Monoatomic-layered carbon materials, such as graphene¹ and amorphous monolayer carbon^2,3, have stimulated intense fundamental and applied research owing to their unprecedented physical properties and a wide range of promising applications^4,5. So far, such materials have mainly been produced by chemical vapour deposition, which typically requires stringent reaction conditions compared to solution-phase synthesis.

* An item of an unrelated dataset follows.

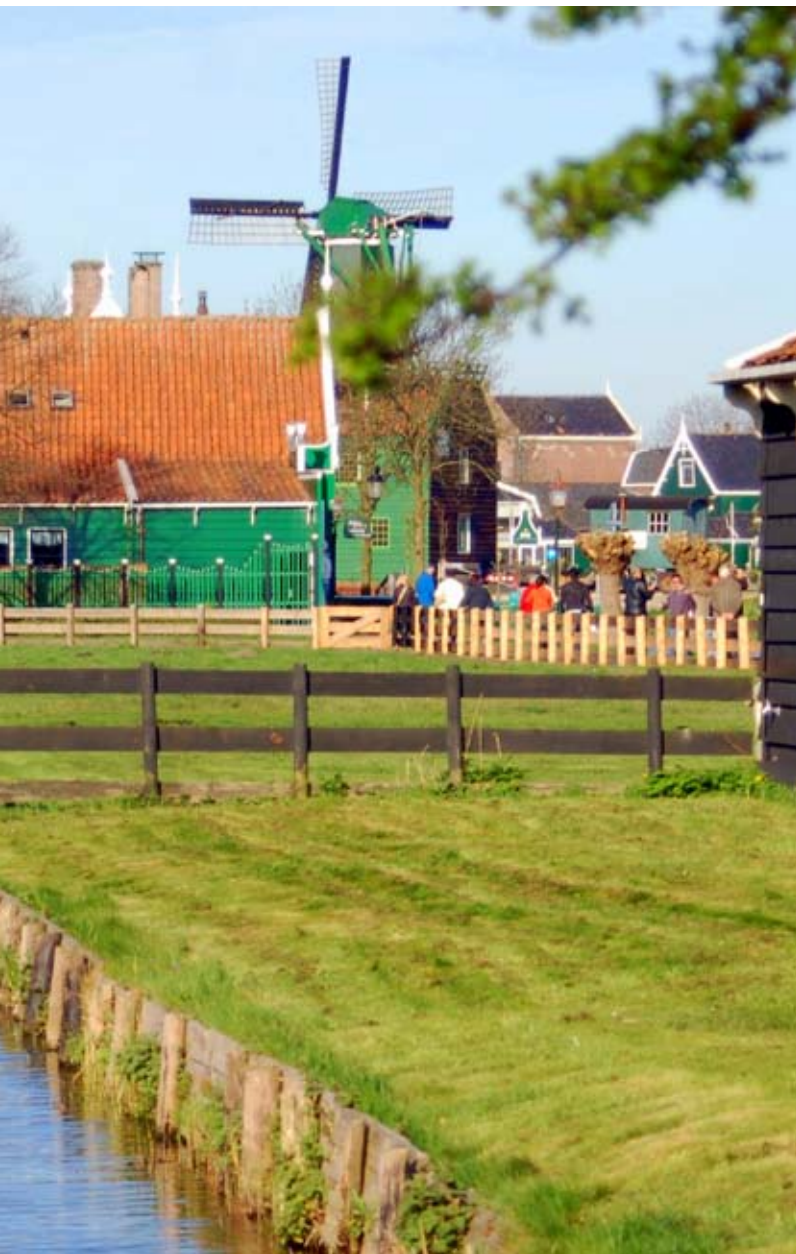
The Zaanse Schans is a windmill park/museum, where decommissioned windmills are sent to pasture, and it was our first stop on the Netherlands barging tour. On the Zaanse River and representational of a typical 17th & 18th-century zaanse village, it features stylized houses, shops and windmills!
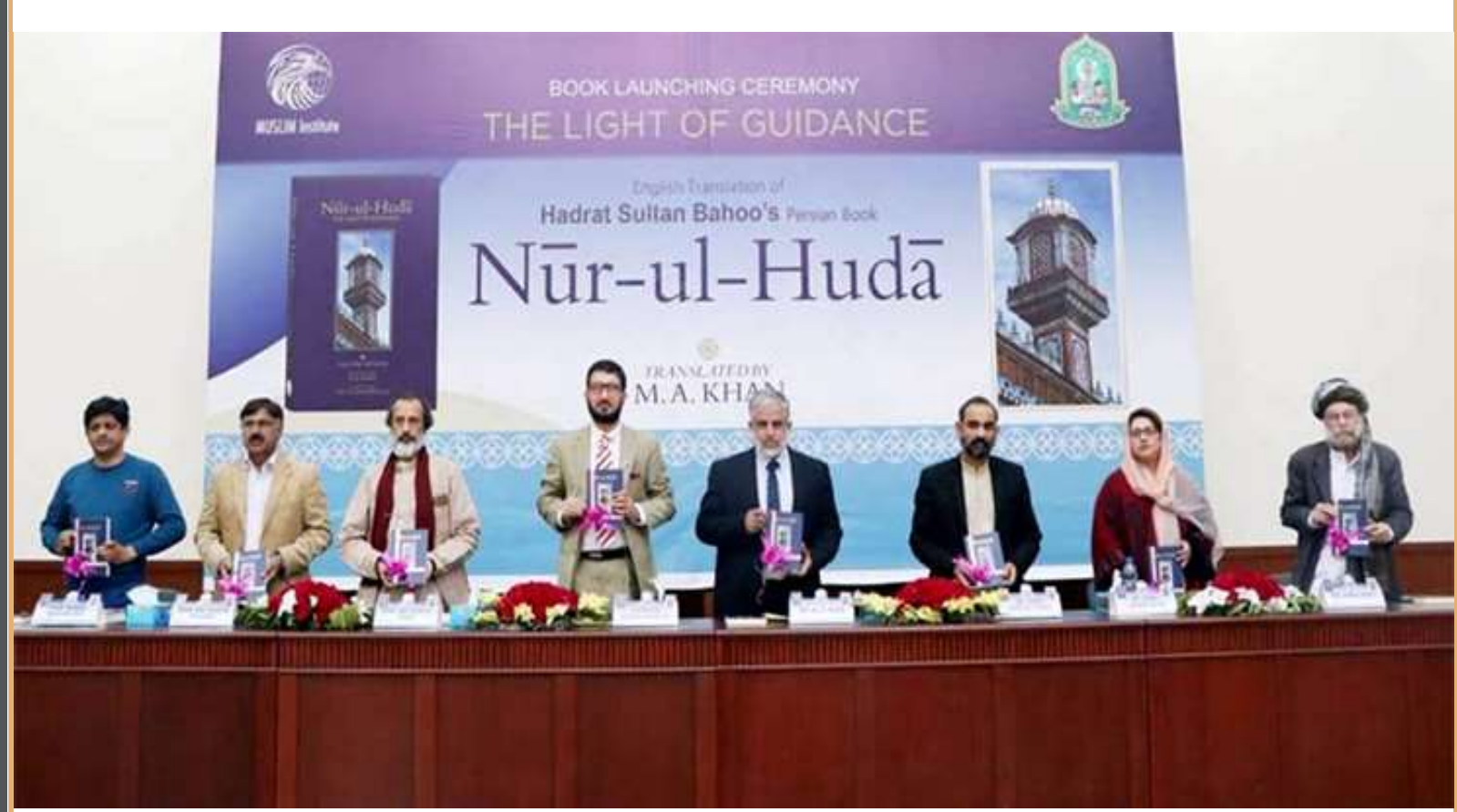
Stage view of ceremony.

Herein, we demonstrate the solution preparation of free-standing nitrogen-doped amorphous monolayer carbon with mixed five-, six- and seven-membered (5-6-7-membered) rings through the polymerization of pyrrole within the confined interlayer cavity of a removable layered-double-hydroxide template. Structural characterizations and first-principles calculations suggest that the nitrogen-doped amorphous monolayer carbon was formed by radical polymerization of pyrrole at the α, β and N sites subjected to confinement of the reaction space, which enables bond rearrangements through the Stone–Wales transformation. The spatial confinement inhibits the C–C bond rotation and chain entanglement during polymerization, resulting in an atom-thick continuous amorphous layer with an in-plane π-conjugation electronic structure. The spatially confined radical polymerization using solid templates and ion exchange strategy demonstrates potential as a universal synthesis approach for obtaining two-dimensional covalent networks, as exemplified by the successful synthesis of monolayers of polythiophene and polycarbazole.

单原子层状碳材料，如石墨烯¹ 和非晶状单层碳^2,3，由于其前所未有的物理特性和广泛的有前途的应用，刺激了密集的基础和应用研究^4,5。到目前为止，此类材料主要通过化学气相沉积生产，与液相合成相比，化学气相沉积通常需要严格的反应条件。在本文中，我们展示了通过吡咯在可移除的层状双氢氧化物模板的受限层腔内聚合，制备具有混合五元、六元和七元（5-6-7元）环的独立氮掺杂无定形单层碳的溶液制备。结构表征和第一性原理计算表明，氮掺杂的无定形单层碳是由 pyrrole 在 α、β 和 N 位点的自由基聚合形成的，这可以通过 Stone-Wales 变换实现键重排。空间限制抑制了聚合过程中的 C-C 键旋转和链缠结，从而产生具有面内 π 共轭电子结构的原子厚连续非晶层。使用固体模板和离子交换策略的空间限制自由基聚合显示出作为获得二维共价网络的通用合成方法的潜力，成功合成聚噻吩和聚咔唑单层就是例证。